Gerzema is writing from his perspective as “Chief Insights Officer” at Young & Rubicam. As soon as I stop chuckling at this utterly ludicrous title, the observation is that as a member of the industry that has created and perpetuated the myth of brand value, his take is bound to be somewhat biased. This is the industry that has for decades convinced otherwise rational executives to spend stupid amounts of money on an intangible concept while simultaneously convincing them that the result is a capital asset.
Now certainly it can be argued that a brand has some value. Awareness of a product is linked to the selection of a product for purchase, without question. But the brand itself is still intangible. The value of a brand should be measured as the cost of changing it. As an example, let’s say Pepsi decided to rebrand itself as “Foo”. There would be considerable cost and significant time involved in doing this, but it’s possible. With some tired brands (Levis comes to mind), it might even be advisable. This cost of rebranding is the true value of the asset. My bet is that the actual cost is considerably less than the asset value on many balance sheets. In his article, Gerzma asserts that “brands account for 30 percent of the market capitalization of the S&P 500, or almost $4 trillion dollars” (without citation). That’s one heck of a bubble.
In discussing the extent of the bubble, Gerzma writes “Further signs of this worrying disconnect emerged as we examined the extent of the gap between business and consumer perceptions of brand value”. What’s funniest there is the phrase “worrying disconnect”. To me it seems like a “reconnect” between consumers and reality that can only be worrying to big advertising agencies and to CFO’s with overvalued brands.
All that money companies have poured into ineffective marketing efforts — driven by “gut feel”, and marked by a complete inability to measure performance in any truly analytical way — is money thrown away. It’s lost, it’s gone. We have tools that measure the effectiveness of most of these things now in hard numbers, and the brand game is up, it’s done.

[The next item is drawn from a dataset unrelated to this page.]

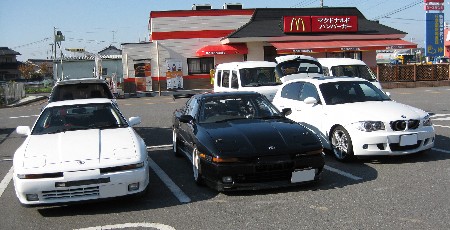 筑波サーキット近くのマクドナルドで集合。 走行前の腹ごしらえはいつもココ! ままま号の右隣はかんちゃんのBMWです。 今回は3つ巴戦があるということで観戦しに来てくれました!(^^) |

Still someone with a “CxO” title at a major agency has a responsibility to evangelize for his industry, be he right or wrong. He applauds the performance of brands who are “innovating beyond advertising”, such as in product development, corporate social responsibility and sustainability”. I hate to break it to him, but in these cases the brand is just an identifier that links a consumer to an enterprise that is doing these real, tangible things such as producing good products in a responsible way. Now there’s an insight!

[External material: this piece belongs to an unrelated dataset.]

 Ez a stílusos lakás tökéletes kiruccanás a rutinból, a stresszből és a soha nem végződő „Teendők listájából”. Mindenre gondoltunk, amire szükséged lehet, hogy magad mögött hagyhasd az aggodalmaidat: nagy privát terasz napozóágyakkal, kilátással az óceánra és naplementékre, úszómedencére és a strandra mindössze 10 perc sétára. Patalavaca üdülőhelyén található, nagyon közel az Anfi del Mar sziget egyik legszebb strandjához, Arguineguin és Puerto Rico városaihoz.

Gerzma wraps up his weak argument that big agencies somehow still have a purpose with “today, everything is marketing and only creativity matters if a brand is to hold its value in this rapidly transforming and unforgiving marketplace.” This is a complete and utter contradiction of the reality that he has observed but still cannot accept: good products and good service are everything, and marketing is in large part the process of communicating the good things you do through various channels. Worse, some channels cannot be controlled, such as social media.

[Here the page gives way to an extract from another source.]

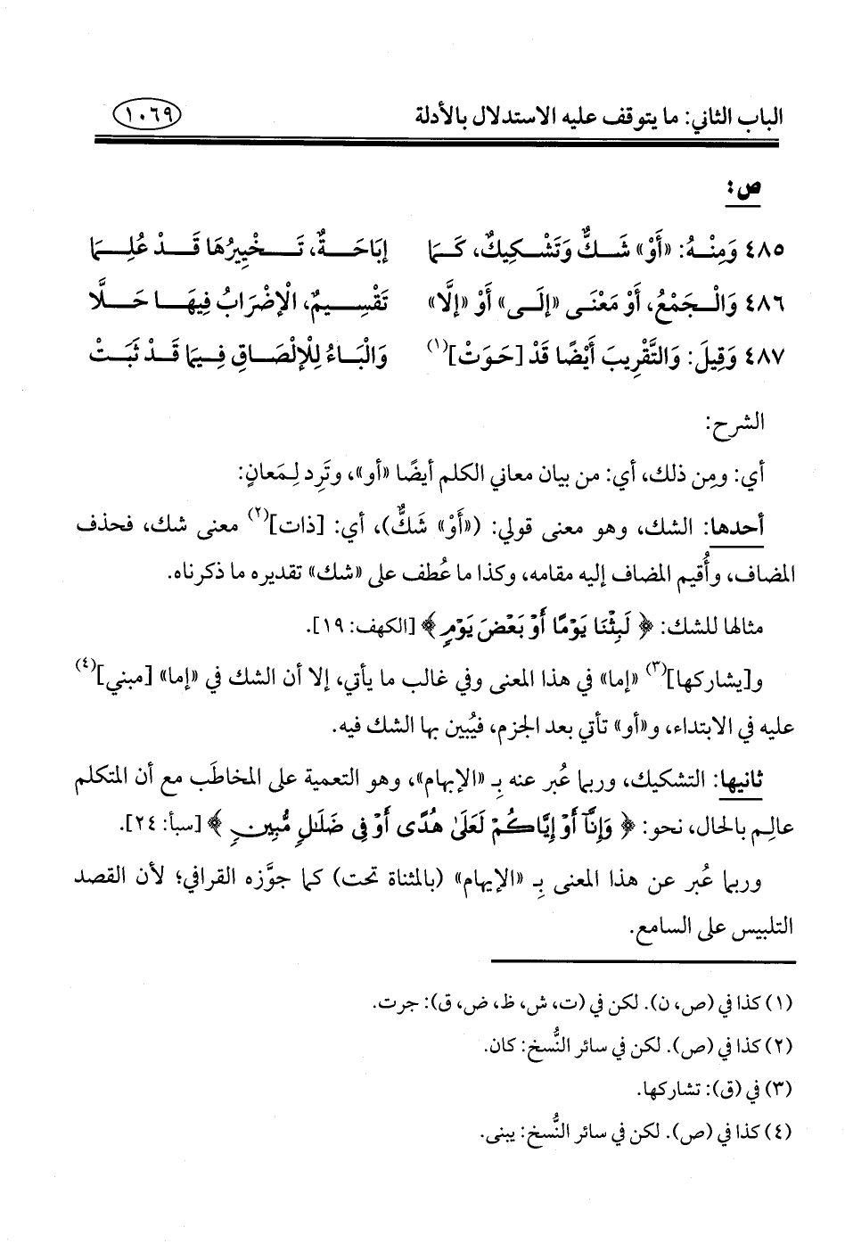 ٤٨٥ - وَمنْهُ: "أَوْ" شَكٌّ وَتَشْكِيكٌ، كَمَا ... إبَاحَةٌ، تَخْيِيرُهَا قَدْ عُلِمَا

The days of managing a message through monolithic media are long gone. Now it’s about doing a excellent job and getting people to talk about what your organization does in a genuine way. Social media can be influenced, but ham-handed attempts to “manage” it are almost certainly destined to end badly. If I was involved in a big advertising agency, that’s the bubble I would be most worried about. That and keeping my resume up to date.